Pride and Prejudice cover
Courtship -- Fiction

Pride and Prejudice

A young woman's journey to overcome her prejudices and recognize the true character of the proud Mr. Darcy, whom she ultimately comes to love.

Austen, Jane · 1998 · 15 min

Mr. Collins, Wickham, and Escalating Complications

Chapters fourteen and fifteen deepen the novel’s exploration of social absurdity through two distinct threads: Mr. Collins’s insufferable visit to Longbourn and the introduction of Mr. Wickham at Meryton. Together, these chapters advance both the comic subplot of Collins’s matrimonial schemes and the central romantic tension surrounding Elizabeth and Darcy. Mr. Collins emerges as a man of limited understanding whose deficiencies have been compounded rather than corrected by his education, and his pomposity provides considerable satire of clergymen who seek advancement through flattery rather than genuine spiritual calling.
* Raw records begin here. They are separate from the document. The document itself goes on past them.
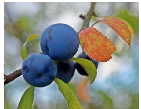
Winternahrung für viele Gartenvögel: Schlehenfrüchte
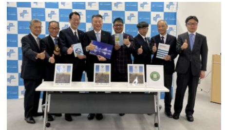
記者発表後の記念撮影の様子
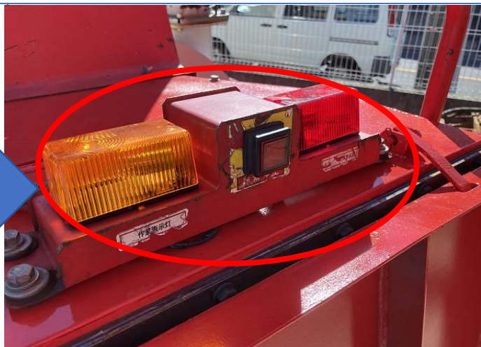
非常停止ボタンユニット交換
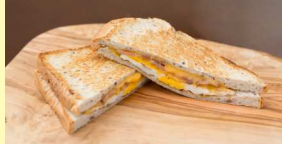
グリルドベーコンエッグ
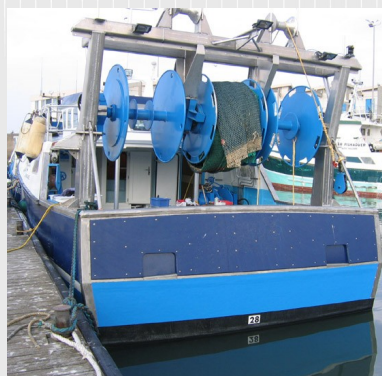
Portique aluminium et triple enrouleurs
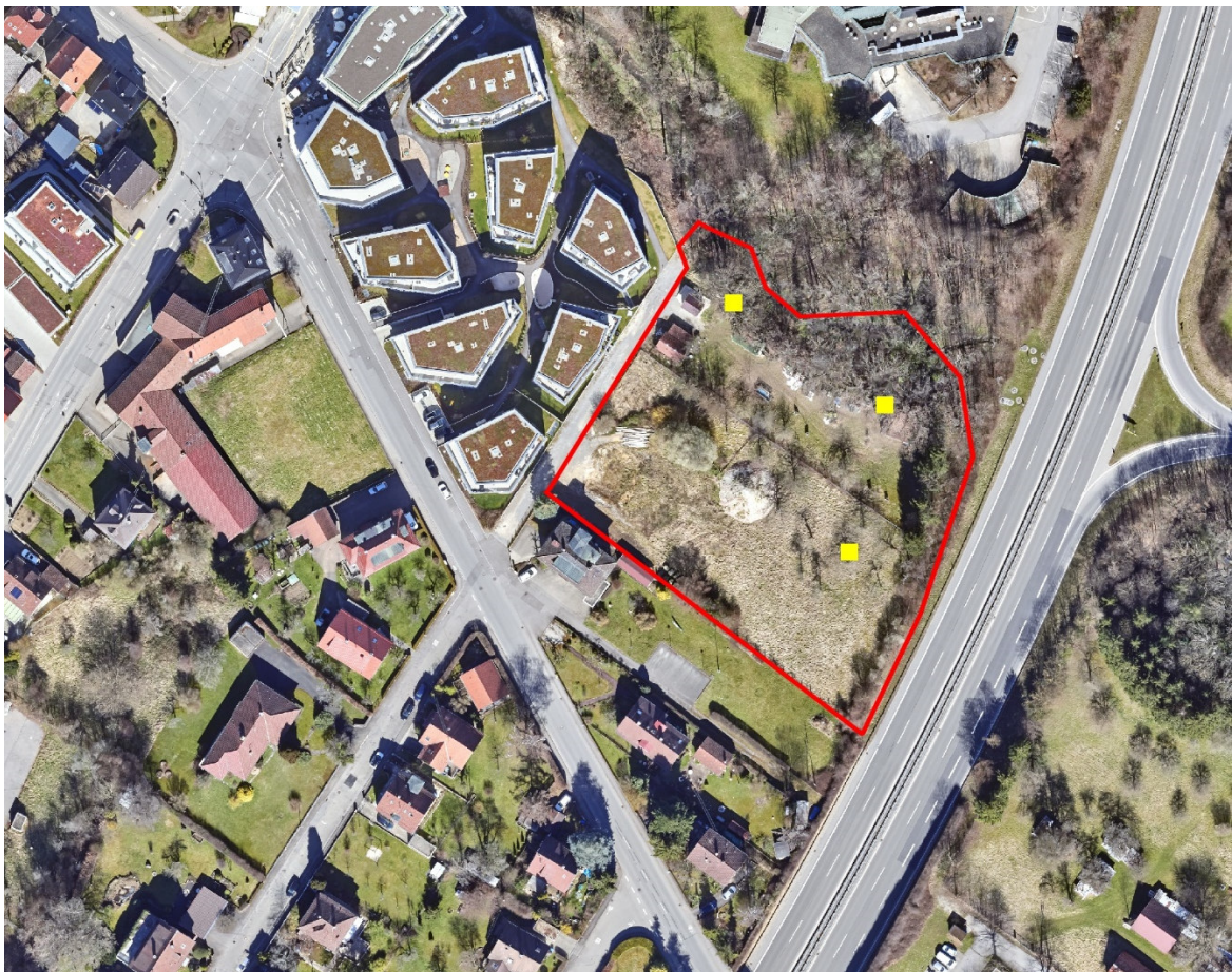
Abbildung 7 Batlogger-Standorte (gelb)

Im Hinblick auf das Quartierpotenzial erfolgte zunächst eine Übersichtserfassung am 24.04.2023. Am 25.05., 24.06. und 22.08.2023 wurden alle erreichbaren Unterschlupfmöglichkeiten im Plangebiet mit dem Endoskop inspiziert, darüber hinaus wurde in dem kleinen Holzschuppen am Etzelbach auch nach indirekten Spuren (Kotpellets, verfärbte Hangplätze, Mumien, Fraßreste) gesucht. Am Abend erfolgten jeweils Ausflugbeobachtungen mit anschließenden Detektorbegehungen. Alle Detektorbegehungen wurde bei geeigneten Witterungsbedingungen ( > 10^{\circ}\text{C} , niederschlagsfrei, windarme Verhältnisse) durchgeführt. Darüber hinaus wurde ein Batlogger A+ (Elekon, CH) zur automatischen Erfassung von Fledermausrufen installiert. Der Batlogger zeichnete vom 25.05. – 02.06., 24.06. – 01.07. und vom 22.08. – 29.08.2023 jeweils in der ersten Nachthälfte (Hauptaktivitätsphase der Fledermäuse) durchgehend auf. Die Lautaufnahmen und Sonagramme wurden am PC mit Hilfe der Programme BatExplorer und BatSound analysiert.
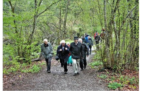
Die Truppe unterwegs durch das Naturschutzgebiet auf teilweise überschwemmten Wegen.

Nach einer knappen Stunde Wanderzeit und Kurzbesichtigung eines Biberdammes wurde der Badeplatz am nordöstlichen See-Ende erreicht. Da der hier vorgesehene Apéro wetterbedingt entfiel, wurde nur kurz angehalten und dann Richtung «alten Weier» und Bruggbach weitermarschiert.
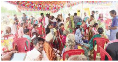
రోగులు భారీ సంఖ్యలో తరలివచ్చి చికిత్సలు తీసుకున్నారు. మెరుగైన వైద్య చికిత్స కోసం సూచనలు, సలహాలు చేశారు. చికిత్స కోసం వచ్చిన రోగుల సందేహాలను నివృత్తి చేస్తూ ఆరోగ్య జాగ్రత్తలను తెలియజేశారు. అనంతరం ఉచితంగా మందులను పంపిణీ చేశారు. శిబిరానికి వచ్చిన రోగులతో ప్రాంగణమంతా నిండి పోయింది.
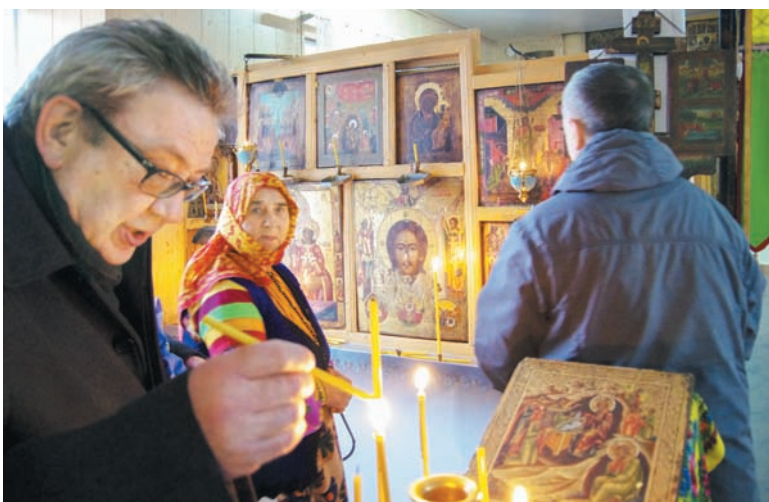
В старообрядческом храме.
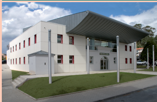
Rúa do Chelito, s/n. Mera/Serantes
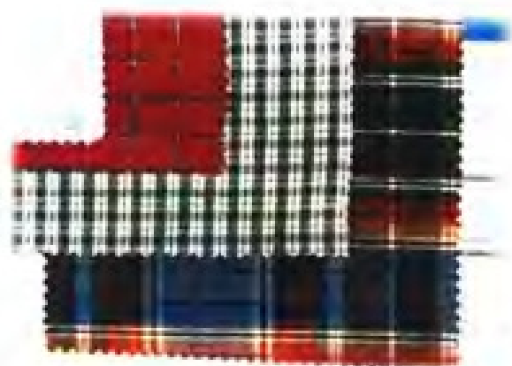
◀龙岩色织厂部分产品
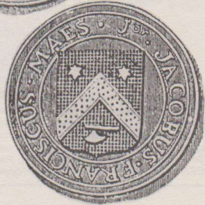
Penning van een weldoener. Op de voorzijde een wapenschild: zwart veld met een gouden keper, daarboven twee zilveren sterren en daaronder en zilveren bijl. Het omschrift luidt: JACOBUS FRANCISCUS MAES Jor. Op de keerzijde staan de bekende elementen en de aanduiding 6.
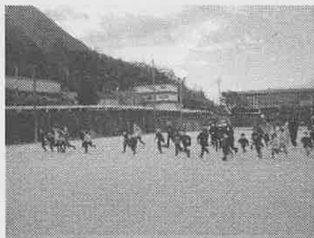
黒田庄グラウンドをスタート
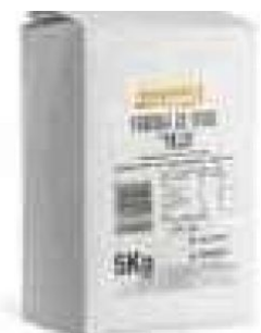
FARINA DI MAIS - 5 KG COD: FAC050.001
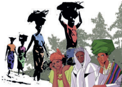
© Titelbild der GDO aus Nigeria

„Kommt! Bringt eure Last“. Gastgebendes Land: Nigeria

At the Philips residence in Meryton, where Mr. Collins accompanies his cousins, the arrival of the handsome Lieutenant Wickham transforms the evening. While Collins amuses Mrs. Philips with fulsome descriptions of Lady Catherine de Bourgh’s eight-hundred-pound chimney-piece at Rosings, the young ladies find themselves captivated by Wickham’s superior bearing and agreeable conversation. What begins as pleasant small talk between Elizabeth and Wickham develops into something far more significant when Wickham gently broaches the subject of Mr. Darcy, beginning to paint a damning picture of his former patron’s character that Elizabeth finds all too plausible given her own observations.
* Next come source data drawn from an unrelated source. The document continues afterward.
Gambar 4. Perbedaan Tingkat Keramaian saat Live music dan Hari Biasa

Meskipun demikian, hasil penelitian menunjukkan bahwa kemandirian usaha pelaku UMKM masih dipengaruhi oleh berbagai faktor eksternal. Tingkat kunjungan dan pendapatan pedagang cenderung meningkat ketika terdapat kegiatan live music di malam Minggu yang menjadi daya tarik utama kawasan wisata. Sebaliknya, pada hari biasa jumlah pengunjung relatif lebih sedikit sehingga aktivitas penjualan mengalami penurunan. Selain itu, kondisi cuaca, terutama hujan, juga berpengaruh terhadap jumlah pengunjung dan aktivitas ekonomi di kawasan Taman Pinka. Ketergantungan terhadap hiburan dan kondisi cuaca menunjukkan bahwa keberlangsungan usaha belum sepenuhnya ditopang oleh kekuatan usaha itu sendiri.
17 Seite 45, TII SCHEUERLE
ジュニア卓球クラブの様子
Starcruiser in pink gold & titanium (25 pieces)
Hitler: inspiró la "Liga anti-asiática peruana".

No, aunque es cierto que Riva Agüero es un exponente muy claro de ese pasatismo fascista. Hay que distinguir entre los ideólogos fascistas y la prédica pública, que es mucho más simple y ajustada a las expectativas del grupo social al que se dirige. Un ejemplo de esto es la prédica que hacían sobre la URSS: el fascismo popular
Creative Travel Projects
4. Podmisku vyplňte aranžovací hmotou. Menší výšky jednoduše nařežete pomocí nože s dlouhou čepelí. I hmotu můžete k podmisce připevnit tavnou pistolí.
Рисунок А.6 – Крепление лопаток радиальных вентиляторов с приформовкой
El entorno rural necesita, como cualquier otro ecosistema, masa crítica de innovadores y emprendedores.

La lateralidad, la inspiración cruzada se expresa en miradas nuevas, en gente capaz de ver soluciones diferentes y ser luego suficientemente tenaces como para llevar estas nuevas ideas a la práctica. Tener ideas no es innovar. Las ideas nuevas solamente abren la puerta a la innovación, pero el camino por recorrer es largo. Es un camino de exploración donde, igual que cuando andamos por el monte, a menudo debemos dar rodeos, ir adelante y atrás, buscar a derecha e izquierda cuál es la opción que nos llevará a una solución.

Chapter XVII advances several narrative threads simultaneously, centering on the sisters’ reaction to Elizabeth’s troubling conversation with Wickham, the approach of the Netherfield ball, and Mr. Collins’s escalating romantic attentions toward Elizabeth. When Elizabeth shares Wickham’s damning account of Darcy, Jane responds with characteristic generosity of spirit, struggling to condemn either gentleman. Unable to reconcile Wickham’s gentlemanly appearance with deception, Jane concludes that interested people have perhaps misrepresented each other, maintaining her hopeful view of human nature even in the face of troubling evidence.